The way I think is that you should, at least as a thought experiment, take anything like "favour explicit code over abstract code" to an extreme, to test it out. The most explicit you can be in programming is to write assembly code, and none of us wants to do that. Let's flip it around. The most abstract you can be in programming is to write in Lisp, and none of us wants to do that. Both of those statements have holes in them, of course, there are some people who love writing assembly, and there are some who love writing in Lisp. I'm one of the latter.

As it turns out, abstraction is so prevalent in programming that most of us program in languages that are closer to Lisp than they are to assembly. C is the lowest-level programming language that I know, and even it has huge abstractions over the underlying assembly.

Java programmers are already programming on an abstraction, the Java Virtual Machine, before they even worry about syntax. It seems that we already favour abstract code over explicit code. Abstract doesn't mean imprecise, or vague, it's another way of saying "general". We can use abstractions to stop repetition.

Consider the above code samples as templates of some kind:

        final $TYPE $VAR=$VAL;

        SwingUtilities.invokeLater(new Runnable()
        {
                public void run()
                {
                        $ACTION($VAR);
                }
        });
and
        $TYPE $VAR=$VAL;

        class $BLAH implements Runnable
        {
                private $TYPE $VAR;

                public MyRunnable($TYPE $VAR)
                {
                        this.$VAR=$VAR;
                }

                public void run()
                {
                        $ACTION($VAR);
                }
        }

        SwingUtilities.invokeLater(new $BLAH($VAR));
The first template has 4 parameters, $TYPE, $VAR, $VAL, $ACTION. It mentions $VAR twice, the others once each.

The second has 5 parameters, $TYPE, $VAR, $VAL, $ACTION, $BLAH. It mentions $TYPE 3 times, $VAR 6 times, $VAL once and $ACTION once. We're always taught not to repeat ourselves in programming, and we can easily see that the second template is more repetitive than the first. A less well-known rule is to avoid unnecessary names. MyRunnable is a name that's defined once and used once - a bad sign.

Extra repetition means extra scope for errors. You might change 'use' between calling invokeLater and invokeLater actually happening - now you've got a sync problem. This is because you had to copy your variables yourself. Admittedly, thanks to the 'final' restriction, Java doesn't help much there, but at least it stops broken code from compiling.

Let's briefly return to the restriction that the local variables that anonymous classes capture must be final. Does that stop anonymous classes from being closures? Changing the values of variables is kind of an optional feature in programming languages. Mathematics seems to have managed without x++ for many years. Java's anonymous classes place some restrictions on what kind of variables are considered free, but that doesn't stop them from being closures. Haskell definitely has closures, and definitely doesn't have mutable variables.

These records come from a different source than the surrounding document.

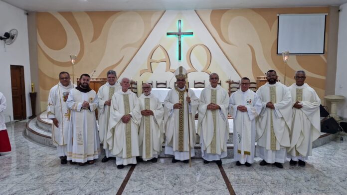 Na noite desta segunda-feira, 11 de agosto, a Diocese de Nova Iguaçu celebrou os 40 anos de ordenação presbiteral de quatro padres do clero diocesano: Edemilson Figueiredo, pároco da Paróquia São José Operário; Marcus Barbosa, atualmente em serviço como assessor da Comissão Episcopal para o Ecumenismo e o Diálogo Inter-Religioso na Conferência Nacional dos Bispos do Brasil (CNBB); Porfírio Fernandes; e Clínio José Drago, que está em missão na Diocese de Colatina (ES) e, devido aos cuidados com sua saúde, não pôde estar presente à celebração.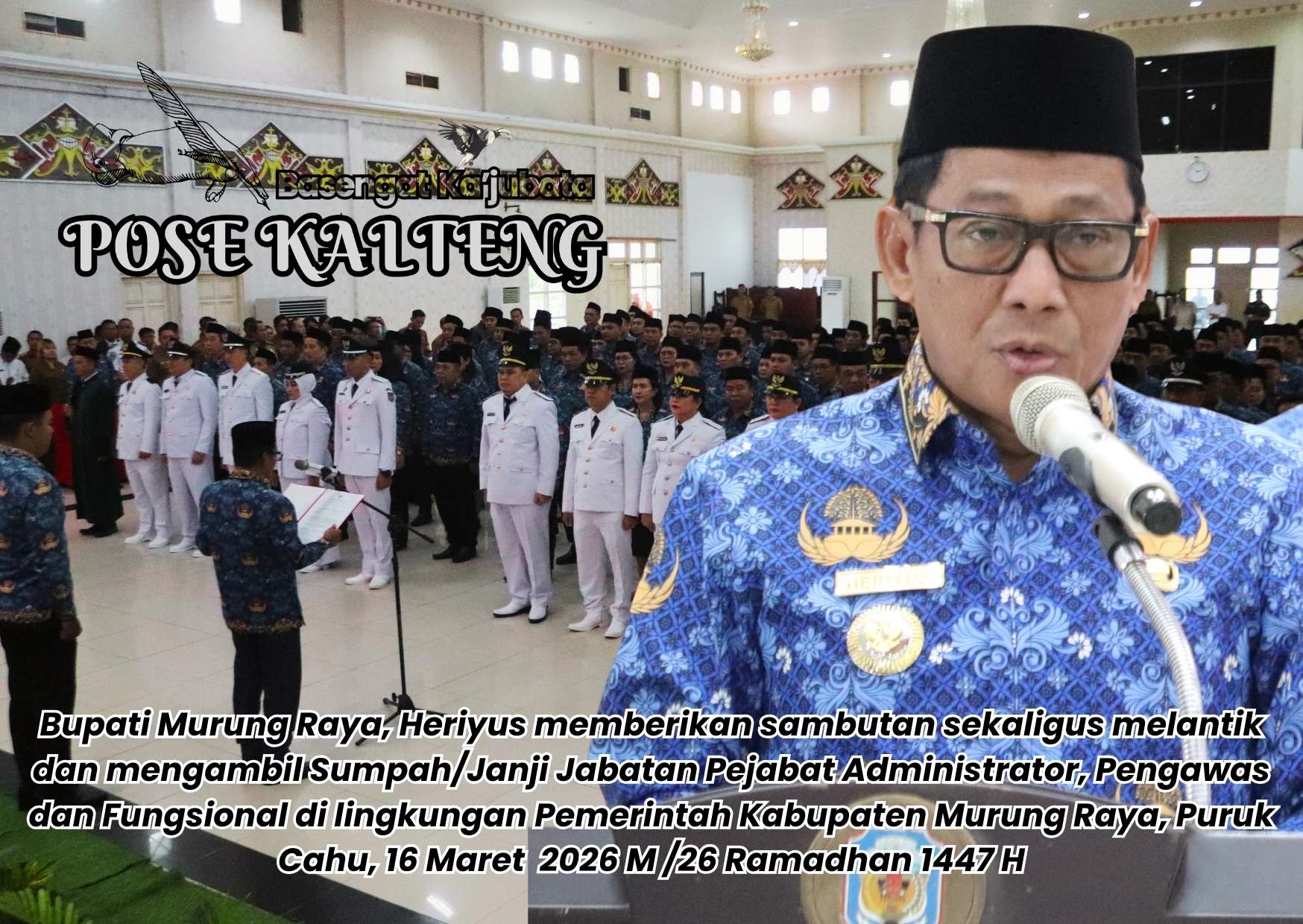 POSE KALTENG, Puruk Cahu – Bupati Murung Raya (Mura), Heriyus secara resmi melantik & mengambil Sumpah/Janji Jabatan Pejabat Administrator, Pengawas ...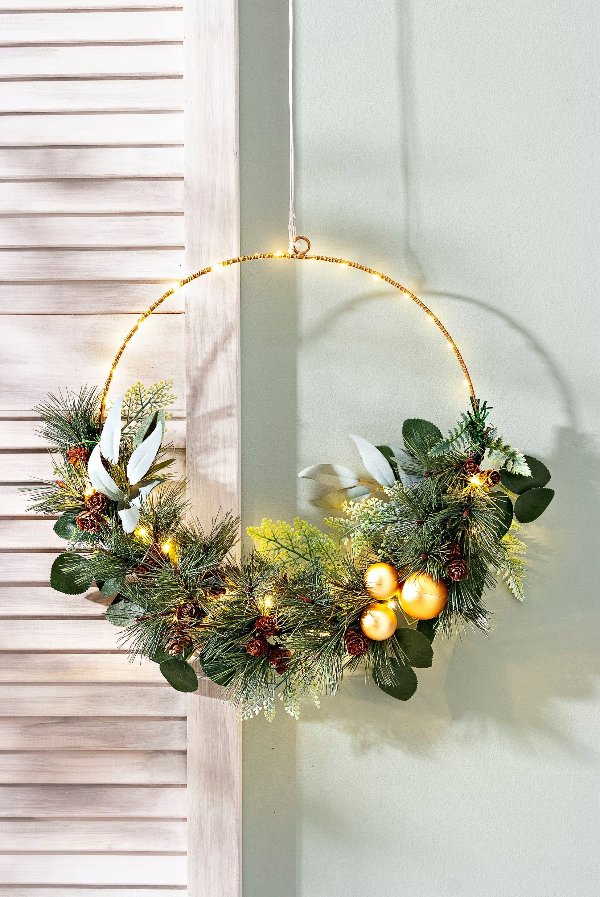 Eine Augenweide an Wand, Türe oder am Fenster. Der Lichterkranz verbreitet überall eine angenehme Atmosphäre. Untertags punktet er durch sein üppiges Grün. Wenn es dunkel wird, zeigt er sich dann in seiner ganzen Pracht mit festlichem Lichterglanz.

Ok, with all that out of the way, we now know that Java has closures, and they aren't disappearing anytime soon. Let's take a moment to laugh at the blog posts (actually most of them are anonymous comments on blogs) saying that Java doesn't need closures.

There. Now let's briefly examine why Java needs better closures, by returning to our template. This time we're going to read it with boilerplate glasses:

        boilerplate double use=Math.random()*10000;
        SwingUtilities.invokeLater(boilerplate System.out.println(use));
What we'd like to do now is to make that boilerplate disappear. Scala has an interesting way of doing that:
        val use=Math.random*10000
        invokeLater(System.out.println(use))
Scala methods can have lazy parameters, that is, parameters that are not evaluated at call time, but are evaluated when the method wants to. You can use that to write your own if method, e.g.:
        myIf(Math.random<5,System.out.println("Still here"),System.exit(0))
Of course, myIf is just an interesting result, and not actually useful, but in the case of invokeLater it is useful; it gets rid of a lot of our boilerplate.

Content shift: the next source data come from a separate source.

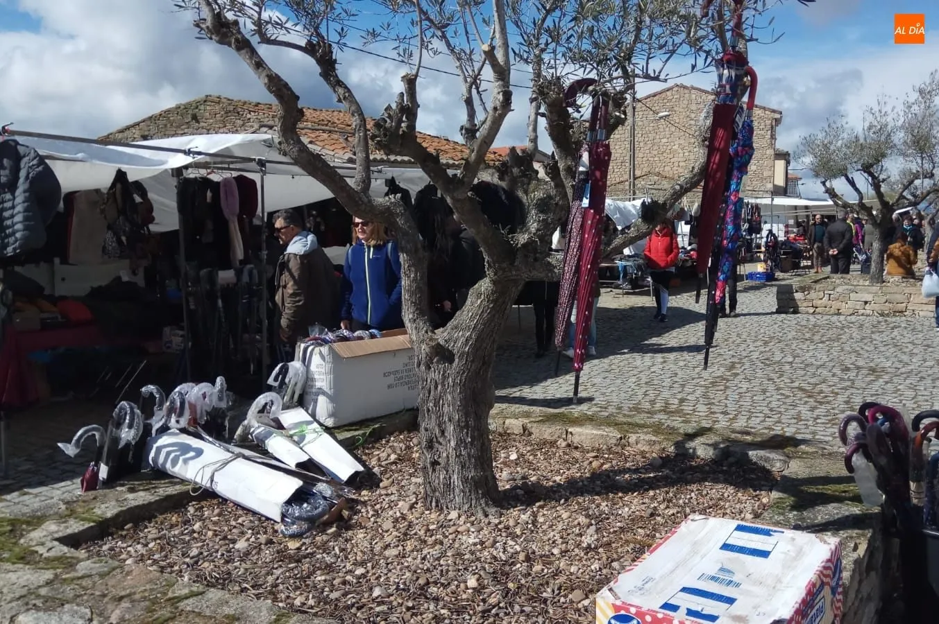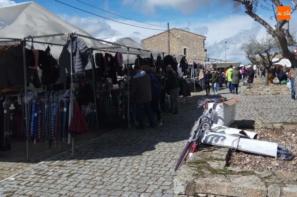 La llegada de la borrasca ?Jorge? no fue obstáculo para que el mercadillo portugués de Trabanca registrara una excelente afluencia de público, aunque sí restó asistencia en cuanto a puestos ante una amenaza de lluvia que se quedó solo en eso, en amenaza, pues apenas cayeron unas gotas en Trabanca a primera hora de la mañana. Lo que sí molestó fue el viento, lo que obligó a asegurar mejor los toldos de los expositores.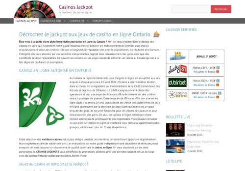 En tant que joueur de casino, vous désirez décrocher le jackpot aux jeux de casino en ligne Ontario. Eh bien ! Liez-vous d'amitié avec le portail dénommé « Casinos Jackpot » pour disposer des clés qui sauront vous prêter main-forte. En sa qualité de véritable guide indépendant, cette plateforme met à votre portée des ressources pertinentes et intéressantes via lesquelles vous parviendrez à vivre le meilleur du jeu en ligne. Et comme ressources, découvrez-y une liste des casinos en ligne les plus sécurisés et les plus sûrs pour l'Ontario en 2023, les tendances du jeu en ligne en 2023, comment choisir son casino en ligne, les promotions, les bonus, etc. Via sa foire aux questions, vous serez mieux édifié sur la question du casino en ligne. Consultez le lien associé à cette fiche pour de plus amples détails.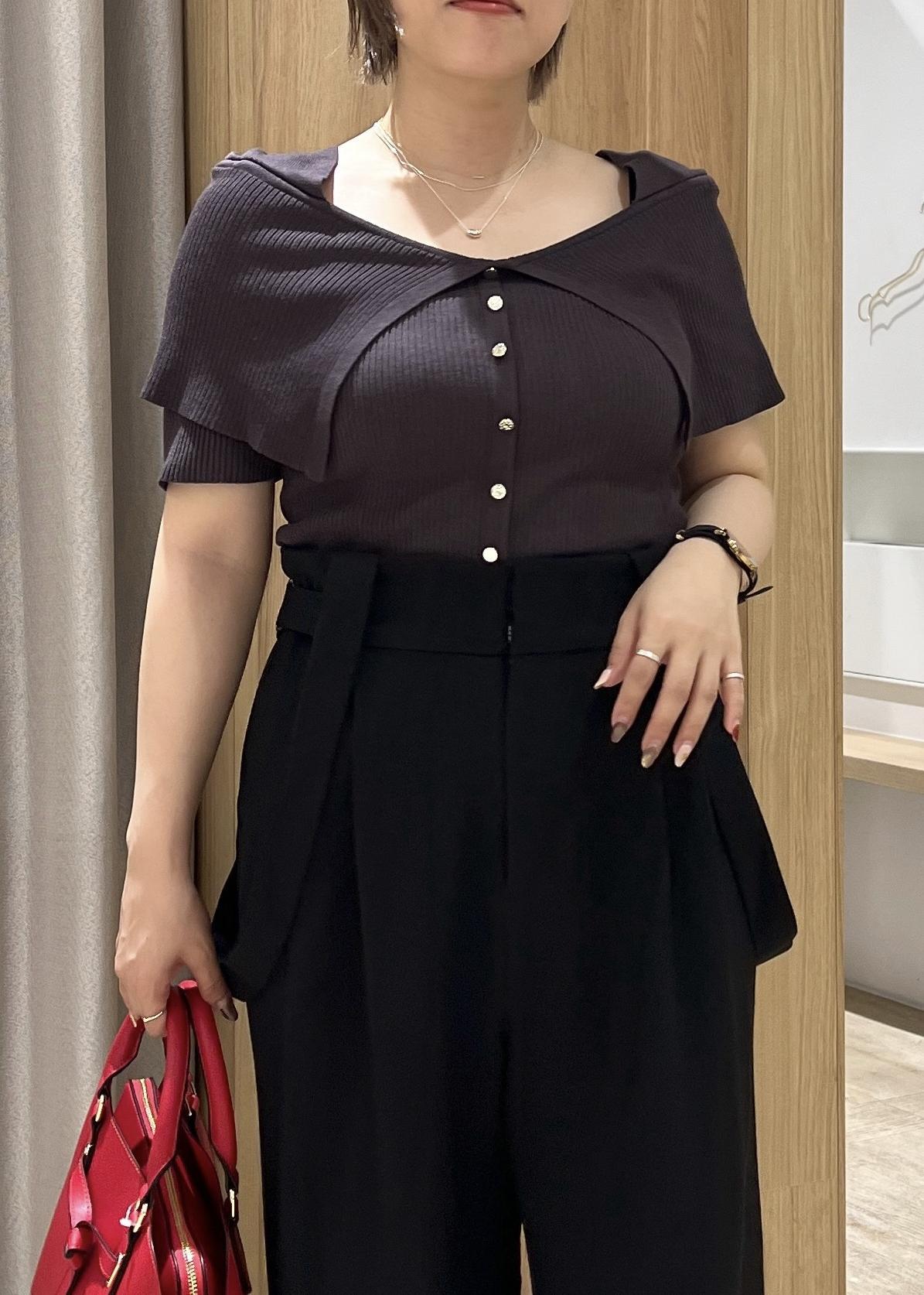 VISビックカラーオフショルハーフスリーブニットチャコール / F¥2,963レビュー身長152cmでヒップにやや掛かる丈感です。

Java 7 closures let us do pretty much the same thing:

        double use=Math.random()*10000;

        SwingUtilities.invokeLater({=> System.out.println(use));
There is another syntax for the last line:
        SwingUtilities.invokeLater()
        {
                System.out.println(use);
        }
We still have a little boilerplate with both these syntaxes, but not enough to need the boilerplate glasses. Sadly, despite it being technically possible for IDEs to become boilerplate glasses, they haven't done so. Folding an anonymous class in IDEA looks like:
        new Runnable(){...}
They've folded the wrong thing. Duh. It should look more like:
        new ...{System.out.println(use);}
Some people think that Java doesn't need better closures because Java as a language is already broken in many ways. Often Scala is quoted as the next Java. I've tried Scala out - it's very impressive, and similar enough to Java to not have too many surprises. So in one sense I agree, but I also think that Java should have better closures to move the status quo of programmers up a notch. Programmers should consciously favour abstraction over boilerplate, instead of the current situation, where many use abstractions all the time but are reluctant to invent their own.

Being free of boilerplate lets you think in different ways. My post on point-free programming shows one route you could take - there are many others.

10 comments:

Stephan said...

My opinion for some time is the same as yours: IDEs in Java should filter away line noise like annonymous inner classes. And when we're at it, the should filter types and annotations away and just show them, when I need them :-)

Peace
-stephan

--
Stephan Schmidt :: stephan@reposita.org
Reposita Open Source - Monitor your software development
http://www.reposita.org
Blog at http://stephan.reposita.org - No signal. No noise.

Casper Bang said...

Ehhh... so according to you even anonymous inner classes should be written as how the bytecode is emulating it? That will make for some rather long and complicated parameter lists.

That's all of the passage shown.